### Prompt
Pictures in the data should be dropped; transcribe exactly the lines from the one that has "F35181088 Jadeite Guanyin" through the one that has "在抵达美国履新后,秦刚首次以".

Items from a dataset
*** Begin section ***
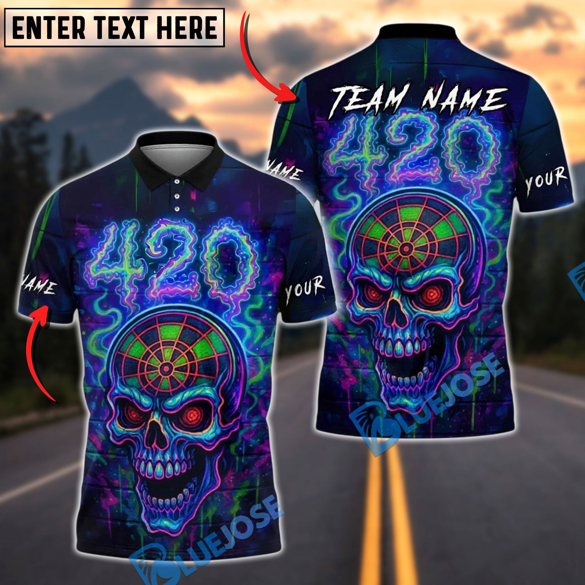 BlueJose Darts Skull 420 Neon Dartboard Glow Personalized Name, Team Name Unisex Shirt (4 Colors)
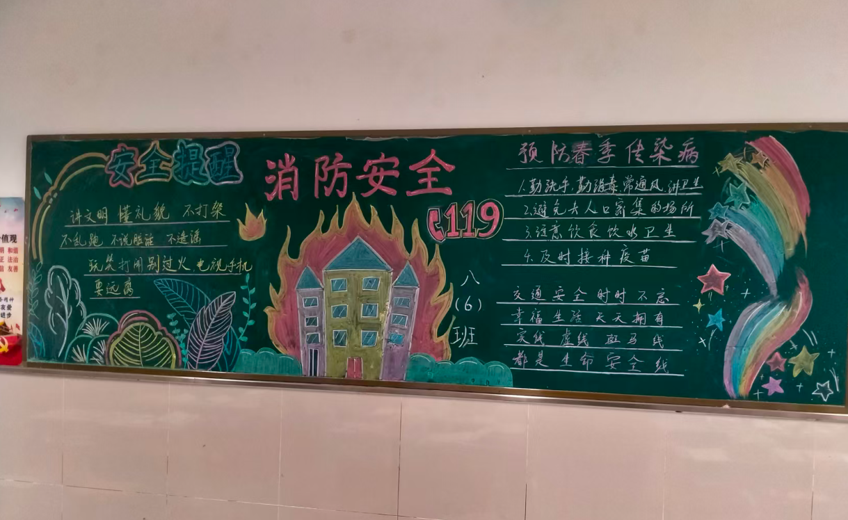 举办一期安全教育黑板报。围绕“防溺水、消防安全、交通安全、心理健康安全、食品卫生安全、应对自然灾害”等主题,各班精心组织策划,通过黑板报和手抄报图文并茂地展示安全知识。
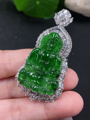 F35181088 Jadeite Guanyin Inlaid Pendant Non-Gold Inlaid Total Weight Approx. 24.02g
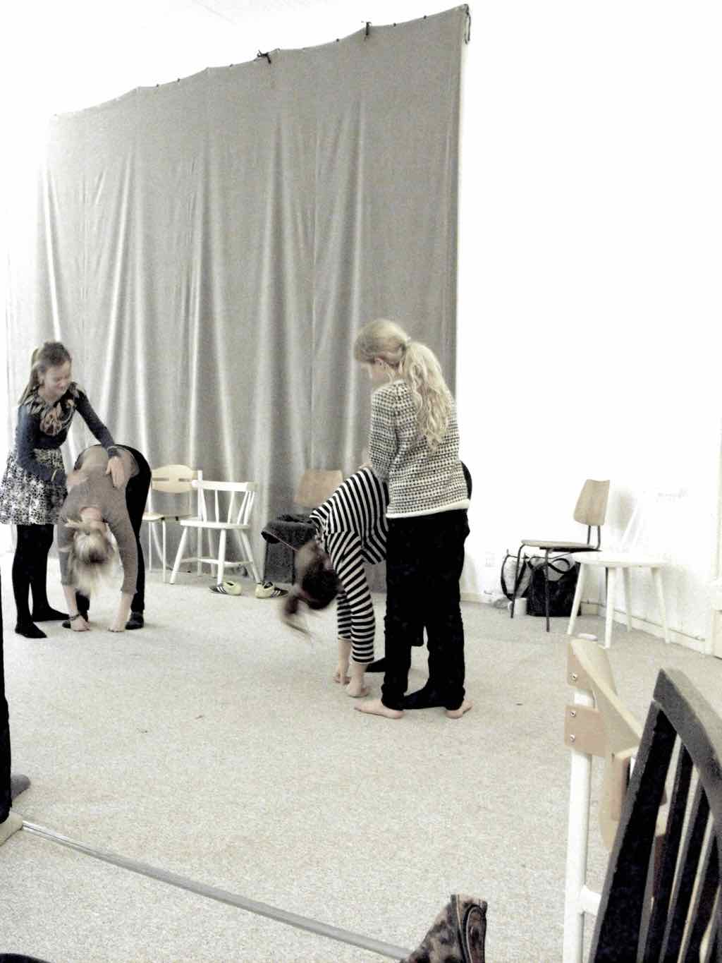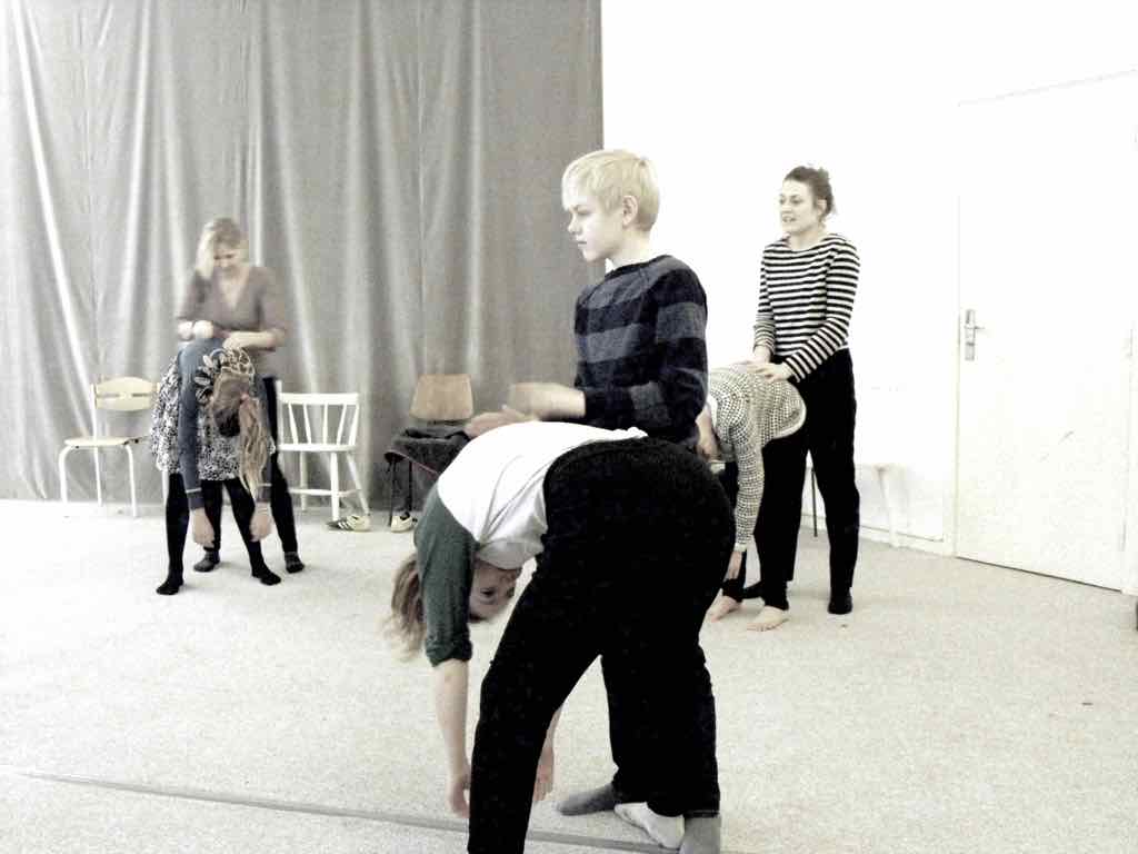øvelse/leg. De skal i grupper på fire i lodret tidsakse skabe en fortælling ud
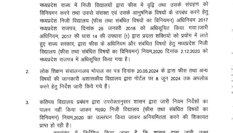 मध्यप्रदेश निजी विद्यालय (फीस तथा संबंधित विषयों का विनियमन) अधिनियम 2018 एवं नियम 2020 के प्रावधानों तहत कार्यवाही किये जाने विषयक ।
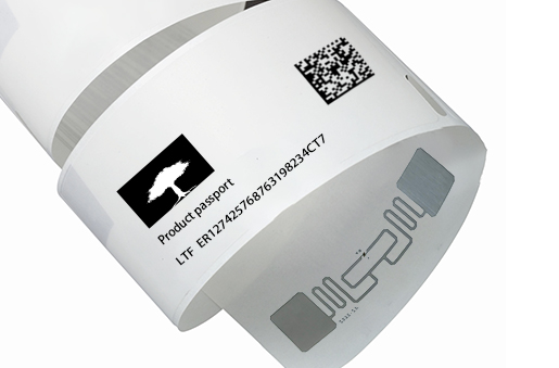 Construction materials are tagged with RFID labels that also include QR codes, which are used for identifying individual items during inventory checks and refurbishment processes.
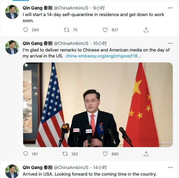 在抵达美国履新后,秦刚首次以中国驻美国大使的身份在推特上发文。当地时间28日这天,他一共发布了三条推文。内容分别是,“已抵达美国,期待在这个国家接下来的时光”,向中美媒体发表讲话,以及宣布他将开始为期14天的隔离。
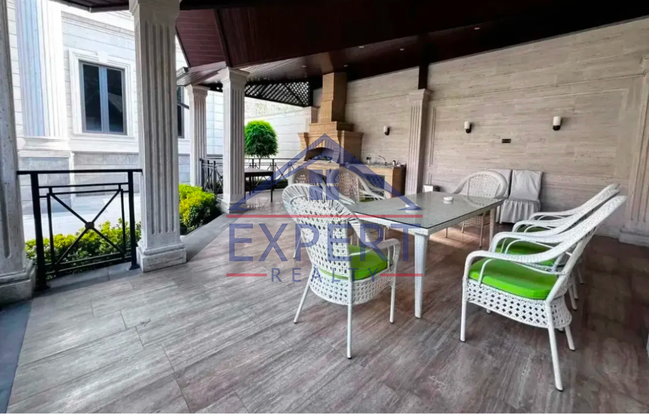Առանձնատան հատուկ առավելություններն են՝ տաքացվող մարմարե հատակները, մարմարե աստիճանները, ժամանակակից գազի կաթսան և ֆանկոլային համակարգը: Բակը հատուկ դիզայներական լուծումներով է՝ սիզամարգով, դեկորատիվ ծառերով և բուխարիով հագեցած ամառային զրուցարանով: Շենքի արտաքին երեսպատումը և պարիսպները պատված են գեղեցիկ սպիտակ տրավերտինով:
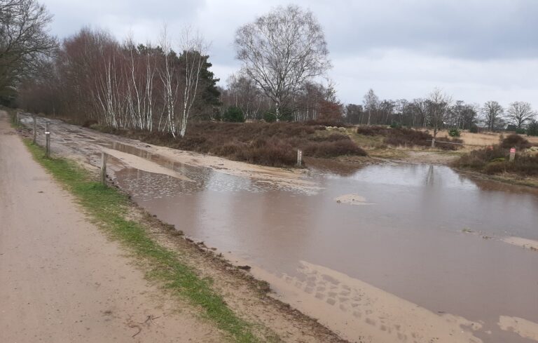 Borden wijzen fietsers erop om af te stappen en te gaan lopen. Op sommige stukken moeten fietsers met een flinke boog de heide op, om enigszins droge voeten te houden. Wie besluit toch op het pad te blijven fietsen, moet over de nodige stuurmanskunst beschikken. Want bij een slippartij kun je zomaar in een grote plas terecht komen.
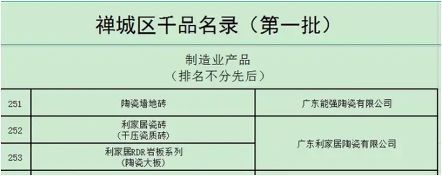 近日,佛山市禅城区 "千品千亿" 质量品牌建设工作专班办公室正式公布第一批 "千品" 名录,能强凭借在标准引领、以质取胜、创新升级、价值创造四大制造业核心指标的卓越表现,成功入选,成为禅城建陶行业高质量发展的标杆典范。
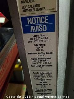 Comes with the scaffolding support brackets. Total length: 21ft. 300lbs capacity. Step ladder: 5.5ft - 9.5ft. Extension ladder: 11ft - 19ft. Model AL-22. Refer to photos for more information.
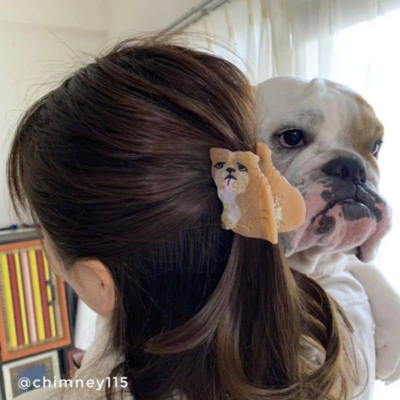 Avec sa petite langue rose qui pend et son air tristounet, on ne peut que tomber sous le charme de ce bouledogue anglais avec sa bouille trop mignonne ! Un bouli à emporter partout grâce à la pince à cheveux bouledogue anglais de la marque Coucou Suzette !
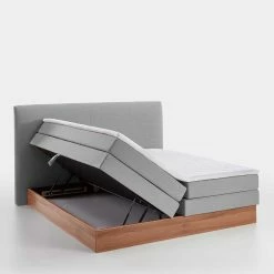 - Stilvolles Boxspringbett in Grau und Walnussfarben
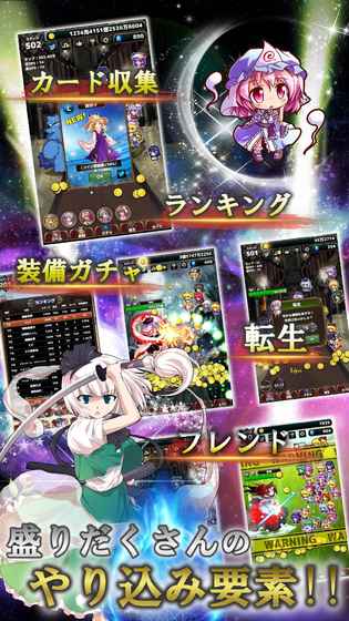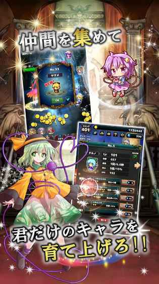 *+*+*+*+*+*+*+*+*+*+*+*+*+*+*+*+*+*+*+*+*+*【ストーリー】その日、幻想郷が支配された──モンスターの大群、次々に暴走する住人たち。絶望の中、立ち上がった一人の少女。幻想郷の運命をかけた戦いが今、始まる──*+*+*+*+*+*+*+*+*+*+*+*+*+*+*+*+*+*+*+*+*+*【システム】画面をタップしてモンスターを攻撃しよう!仲間を集めて、君だけのキャラを育て上げろ!ボスカード収集、ランキング、装備ガチャ、フレンド等やりこみ要素も盛りだくさん!ゲームを終了している間もコインが稼げる。課金要素は一切なし、更にオフライン環境でも遊べちゃう。タップして楽しい、放置して楽しい!さぁ、あなたの指で幻想郷を救い出せ──!*+*+*+*+*+*+*+*+*+*+*+*+*+*+*+*+*+*+*+*+*+*【遊び方】遊び方はとっても簡単!?画面のタップでモンスターにダメージ!?ダメージを与えてコインをGETしよう!?コインを使ってレベルをアップ!?どんどんステージを進めていこう!!*+*+*+*+*+*+*+*+*+*+*+*+*+*+*+*+*+*+*+*+*+*【こんな人に特にオススメ!】?東方projectが大好き!?旧作から最新の天空璋まで網羅してて欲しい?クリッカー、放置、育成ゲームが好き?息抜き、暇潰しゲームを探している?課金要素のない完全無料のゲームを探している?コレクション?育成等、やりこみ要素のあるゲームが好き?タブレット、オフライン対応のゲームを探している?実況?配信OKのゲームを探している(許可無しでどうぞ!大歓迎です。)*+*+*+*+*+*+*+*+*+*+*+*+*+*+*+*+*+*+*+*+*+*【注記?補足】本アプリは「上海アリス幻樂団」様の制作による「東方Project」の二次創作ゲームです。キャラクター、世界観、原曲BGMの著作権は、全て制作元である「上海アリス幻樂団」様、およびZUN様に帰属します。*+*+*+*+*+*+*+*+*+*+*+*+*+*+*+*+*+*+*+*+*+*【Twitter公式アカウント】https://twitter.com/plu_plus最新作やゲーム開発情報を発信しています。不具合報告や要望などもお気軽にどうぞ!*+*+*+*+*+*+*+*+*+*+*+*+*+*+*+*+*+*+*+*+*+*【スペシャルサンクス】?原作者上海アリス幻樂団様http://www6.big.or.jp/~zun/?アイコン宿雪様https://www.pixiv.net/member.php?id=4212583?ドット絵キャラDMF別館アイコン素材屋様http://deepmoon.sakura.ne.jp/icon/?立ち絵キャラはるか様、ウボア様、ダイリ様http://seiga.nicovideo.jp/user/illust/3494232?SDキャラりょうご様http://p-lux.net/?敵キャラゆるドラシル様http://yurudora.com/tkool/?BGM四十九葉杳様https://twitter.com/Sq7Y498?ボイス小塚菖様
*** End section ***
### Your solution
 F35181088 Jadeite Guanyin Inlaid Pendant Non-Gold Inlaid Total Weight Approx. 24.02g
øvelse/leg. De skal i grupper på fire i lodret tidsakse skabe en fortælling ud
 मध्यप्रदेश निजी विद्यालय (फीस तथा संबंधित विषयों का विनियमन) अधिनियम 2018 एवं नियम 2020 के प्रावधानों तहत कार्यवाही किये जाने विषयक ।
 Construction materials are tagged with RFID labels that also include QR codes, which are used for identifying individual items during inventory checks and refurbishment processes.
 在抵达美国履新后,秦刚首次以中国驻美国大使的身份在推特上发文。当地时间28日这天,他一共发布了三条推文。内容分别是,“已抵达美国,期待在这个国家接下来的时光”,向中美媒体发表讲话,以及宣布他将开始为期14天的隔离。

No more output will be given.